Since it involves chemical bond formation,it is usually exothermic,meaning the heat of adsorption is negative (or high in magnitude).
Therefore,the statement that it is reversible is not applicable to chemisorption.

(D) Gas masks are used to protect against toxic gases. Wood charcoal is a form of activated carbon which has a large surface area and a porous structure. Due to this,it acts as an adsorbent and effectively adsorbs toxic gases from the air,making it safe for breathing.

(C) $Van \ der \ Waals$ adsorption (physical adsorption) is an exothermic process. According to $Le \ Chatelier's \ Principle$,low temperature favors exothermic processes. Furthermore,physical adsorption involves the accumulation of gas molecules on the surface,which is favored by high pressure. Therefore,low temperature and high pressure are the favorable conditions for $Van \ der \ Waals$ adsorption.

(D) The Freundlich adsorption isotherm is given by the equation $(x/m) = k \cdot p^{1/n}$,where $n > 1$.
At low pressure,the value of $1/n$ is approximately $1$,so $(x/m) \propto p^1$.
At high pressure,the value of $1/n$ approaches $0$,so $(x/m) \propto p^0$ (independent of pressure).
At intermediate pressure,$(x/m) \propto p^{1/n}$.
Therefore,the relationship holds true across different pressure ranges.

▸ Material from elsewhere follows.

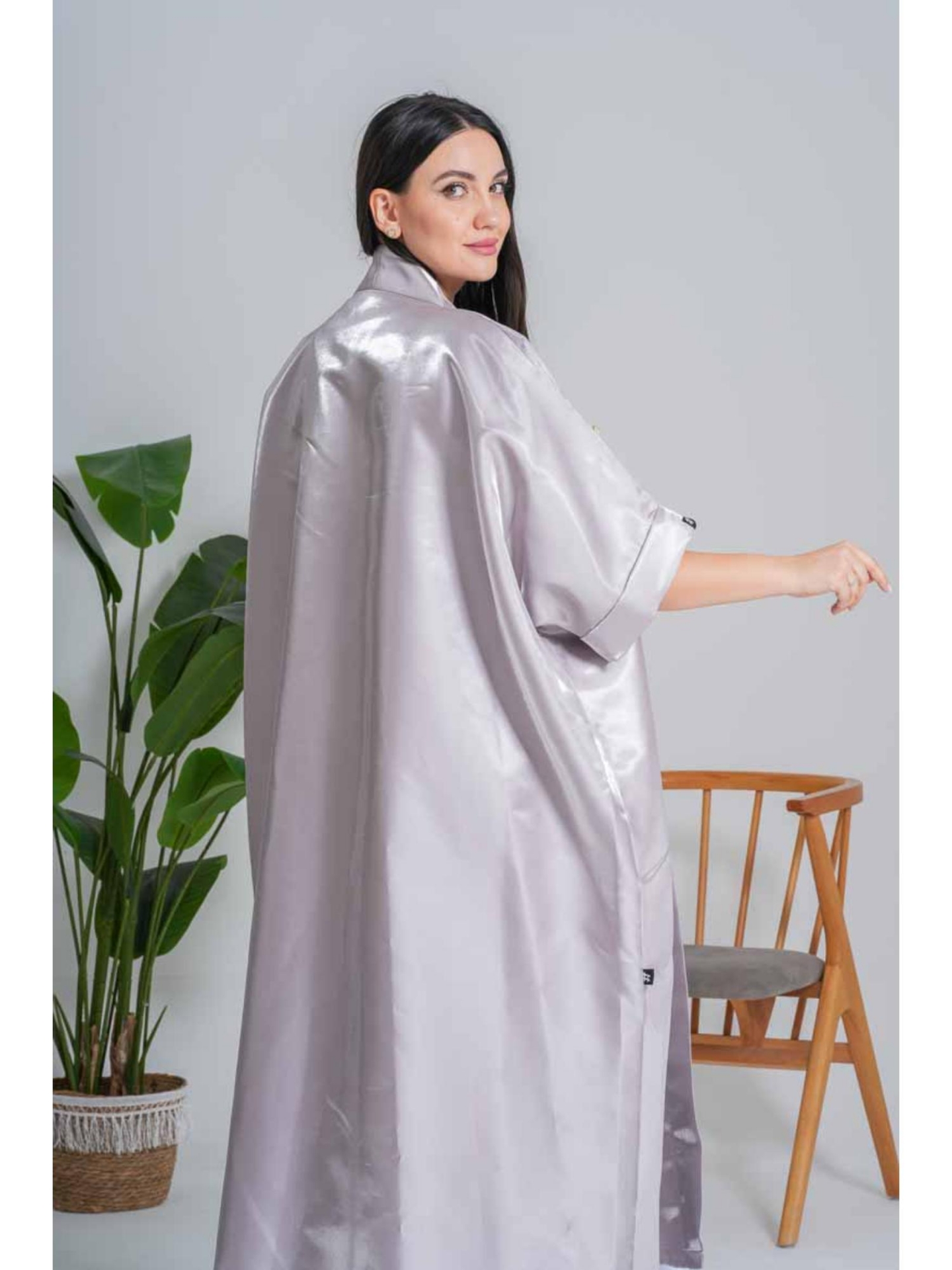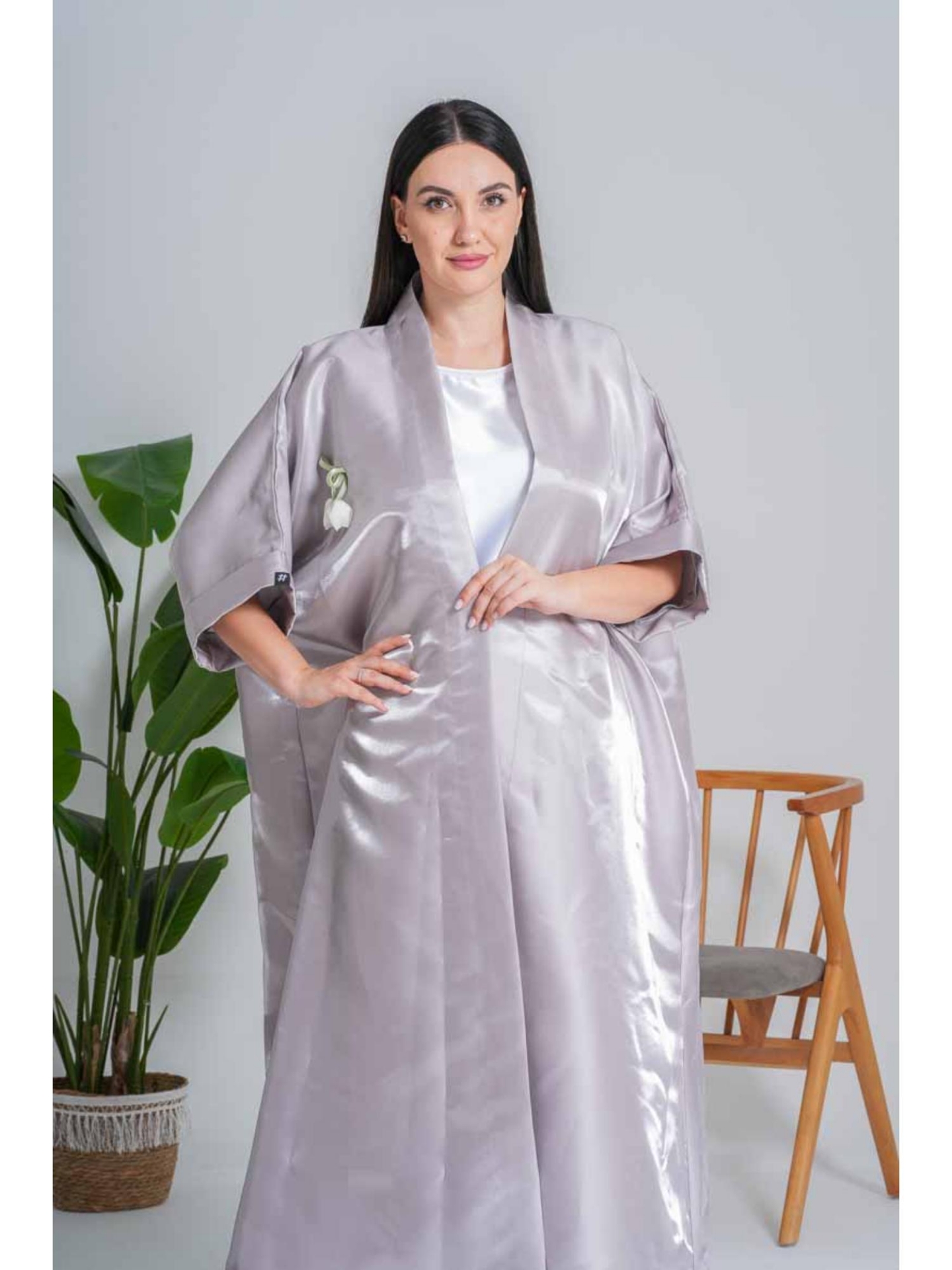 كيمونو الساتان "الفضي البارد" - إطلالة احتفالية متألقة

(C) Physical adsorption (physisorption) is caused by weak van der Waals forces between the adsorbate and the adsorbent.
It is not specific in nature because any gas can be adsorbed on any solid to some extent.
It is reversible in nature and involves low enthalpy of adsorption.

(B) The Freundlich adsorption isotherm is given by the equation: $x/m = k \cdot p^{1/n}$ (where $n > 1$).
Taking the logarithm on both sides,we get: $\log(x/m) = \log(k) + (1/n) \log(p)$.
This equation is in the form of a straight line $y = mx + c$,where $y = \log(x/m)$,$x = \log(p)$,slope $m = 1/n$,and intercept $c = \log(k)$.
Therefore,the plot of $\log(x/m)$ versus $\log(p)$ gives a straight line.

(C) Physical adsorption,also known as physisorption,occurs when adsorbate molecules are held on the surface of an adsorbent by weak intermolecular forces known as $Van \ der \ Waals$ forces. These forces are non-specific and reversible in nature.